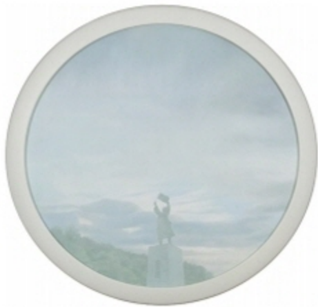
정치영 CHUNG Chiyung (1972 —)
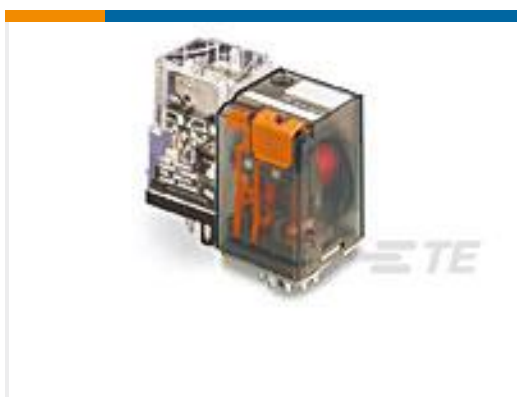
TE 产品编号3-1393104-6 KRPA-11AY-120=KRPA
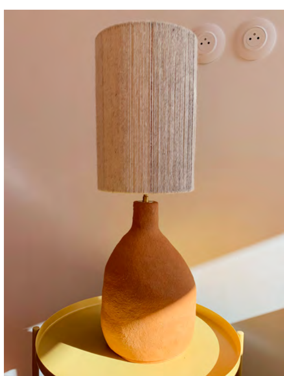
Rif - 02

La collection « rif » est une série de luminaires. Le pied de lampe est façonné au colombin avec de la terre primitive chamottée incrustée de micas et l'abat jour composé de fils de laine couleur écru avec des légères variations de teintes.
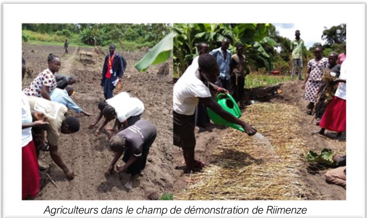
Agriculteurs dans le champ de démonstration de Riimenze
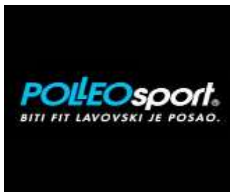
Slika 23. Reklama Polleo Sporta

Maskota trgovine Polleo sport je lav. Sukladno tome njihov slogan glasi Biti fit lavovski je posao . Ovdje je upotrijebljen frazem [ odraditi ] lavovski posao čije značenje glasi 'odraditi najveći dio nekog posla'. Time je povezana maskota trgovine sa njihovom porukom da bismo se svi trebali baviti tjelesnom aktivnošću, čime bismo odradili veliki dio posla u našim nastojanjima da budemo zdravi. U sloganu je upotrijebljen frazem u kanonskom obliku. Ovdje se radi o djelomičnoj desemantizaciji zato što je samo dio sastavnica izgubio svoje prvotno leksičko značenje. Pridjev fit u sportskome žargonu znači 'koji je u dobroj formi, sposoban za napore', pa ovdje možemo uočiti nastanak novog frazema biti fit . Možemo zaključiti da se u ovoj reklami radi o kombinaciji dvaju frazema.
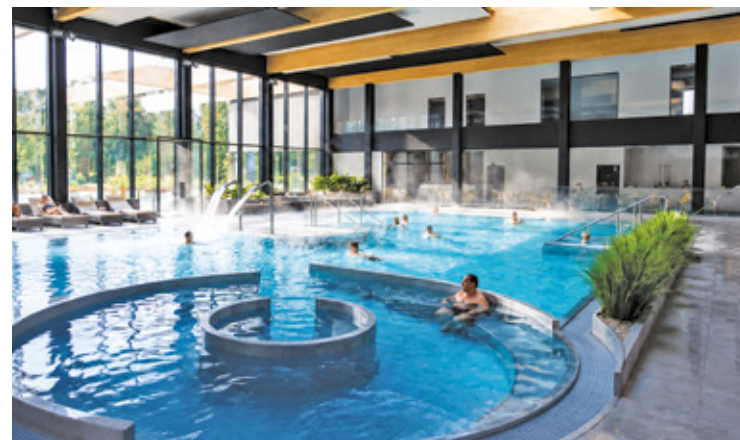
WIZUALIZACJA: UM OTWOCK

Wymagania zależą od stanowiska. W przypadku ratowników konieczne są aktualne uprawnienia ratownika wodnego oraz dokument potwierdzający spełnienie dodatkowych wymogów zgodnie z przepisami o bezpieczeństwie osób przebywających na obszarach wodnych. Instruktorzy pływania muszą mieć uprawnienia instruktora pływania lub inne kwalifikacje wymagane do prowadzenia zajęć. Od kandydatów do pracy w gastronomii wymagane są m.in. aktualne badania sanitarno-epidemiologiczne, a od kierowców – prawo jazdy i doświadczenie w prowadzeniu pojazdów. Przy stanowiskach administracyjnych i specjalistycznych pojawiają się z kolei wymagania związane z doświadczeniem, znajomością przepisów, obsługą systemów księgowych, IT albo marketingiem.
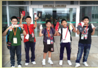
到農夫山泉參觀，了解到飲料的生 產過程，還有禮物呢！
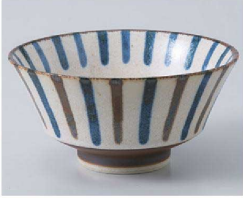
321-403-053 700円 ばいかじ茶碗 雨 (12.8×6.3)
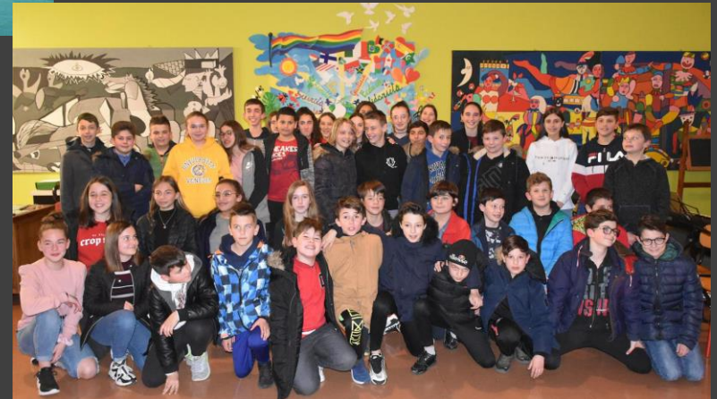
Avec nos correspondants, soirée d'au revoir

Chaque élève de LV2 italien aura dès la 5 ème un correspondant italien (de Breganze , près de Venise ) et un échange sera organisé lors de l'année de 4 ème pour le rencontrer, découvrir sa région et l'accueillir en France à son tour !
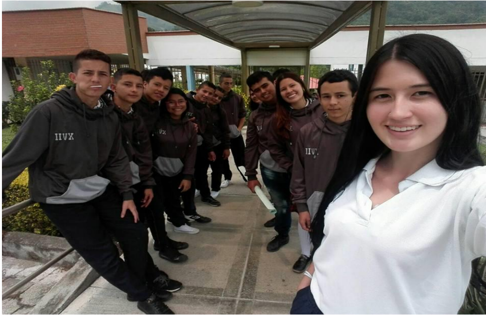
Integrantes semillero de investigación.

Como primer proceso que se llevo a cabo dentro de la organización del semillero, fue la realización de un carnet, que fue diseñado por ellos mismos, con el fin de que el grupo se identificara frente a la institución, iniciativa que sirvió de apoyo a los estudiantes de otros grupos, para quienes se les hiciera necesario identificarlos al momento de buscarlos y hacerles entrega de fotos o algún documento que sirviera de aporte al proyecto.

^^^^^^^^

-- YOUR TASK --
What lines of the material above contain "semillero"? Return each of them.

-- TASK SOLUTION --
Integrantes semillero de investigación.
Como primer proceso que se llevo a cabo dentro de la organización del semillero, fue la realización de un carnet, que fue diseñado por ellos mismos, con el fin de que el grupo se identificara frente a la institución, iniciativa que sirvió de apoyo a los estudiantes de otros grupos, para quienes se les hiciera necesario identificarlos al momento de buscarlos y hacerles entrega de fotos o algún documento que sirviera de aporte al proyecto.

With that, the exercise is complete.